With this package, you can also get summary statistics by another variable. For example, you can get the Ftrust and MTrust statistics by participants’ gender using:

#Just Ftrust by participants' gender
datasummary((Ftrust)~Pgender*(mean+sd)*Arguments(na.rm = TRUE), data=Study1)

	female / mean	female / sd	male / mean	male / sd
Ftrust	5.48	0.89	5.25	0.97

#Both Ftrust and MTrust by participants' gender
datasummary((Ftrust+Mtrust)~Pgender*(mean+sd)*Arguments(na.rm = TRUE), data=Study1)

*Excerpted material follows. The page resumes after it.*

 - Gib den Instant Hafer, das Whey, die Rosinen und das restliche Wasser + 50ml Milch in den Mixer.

	female / mean	female / sd	male / mean	male / sd
Ftrust	5.48	0.89	5.25	0.97
Mtrust	5.27	0.91	5.13	0.98

Okay, but the variable names look somewhat incomprehensible if you do not know what the variables mean. We can change the table looks using this code:

datasummary(('Organizational Trust with Female Leaders Present'=Ftrust)+ ('Organizational Trust with Male Leaders Present'=Mtrust)~
              Pgender*(mean+sd)*Arguments(na.rm = TRUE), data=Study1)

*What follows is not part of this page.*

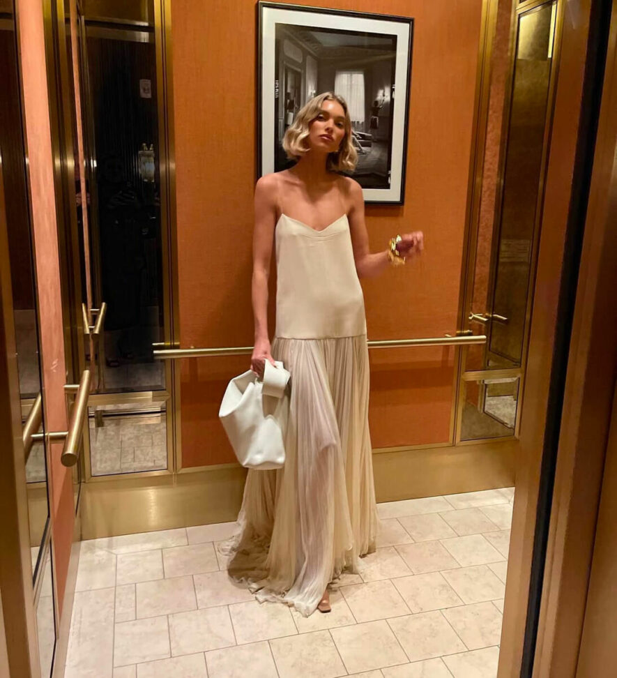 Очарование платьев с заниженной талией в их универсальности. Мы можем носить их практически везде: от непринужденных встреч с друзьями за чашкой кофе до элегантных званых ужинов.

	female / mean	female / sd	male / mean	male / sd
"Organizational Trust with Female Leaders Present"	5.48	0.89	5.25	0.97
"Organizational Trust with Male Leaders Present"	5.27	0.91	5.13	0.98

Bonus: Another functionality of this library is the ability to get correlation matrices for your data. This is quite simple using the datasummary_correlation command

datasummary_correlation(Study1)

## Warning in stats::cor(x, use = "pairwise.complete.obs", method = method): the
## standard deviation is zero

	attention check	age	FageAff	MageAff	FcomAff	McomAff	Ftrust	Mtrust	Mtrust2	Ftrust2
attention check	1	.	.	.	.	.	.	.	.	.
age		1	.	.	.	.	.	.	.	.
FageAff		.07	1	.	.	.	.	.	.	.
MageAff		.11	.91	1	.	.	.	.	.	.
FcomAff		.05	.92	.87	1	.	.	.	.	.
McomAff		.05	.80	.85	.87	1	.	.	.	.
Ftrust		.14	.86	.81	.88	.73	1	.	.	.
Mtrust		.07	.77	.78	.79	.87	.80	1	.	.
Mtrust2		.12	.72	.75	.74	.80	.78	.95	1	.
Ftrust2		.15	.80	.76	.82	.66	.97	.74	.74	1

Practice makes perfect

Download the data to Study 2 in the same project. Their datasets maybe downloaded here. In Study 2, the researchers examine whether seeing female leaders in a technological company (compared to male leaders) increase perceivers’ trust in the organizations and their perceived opportunities offer by those organizations.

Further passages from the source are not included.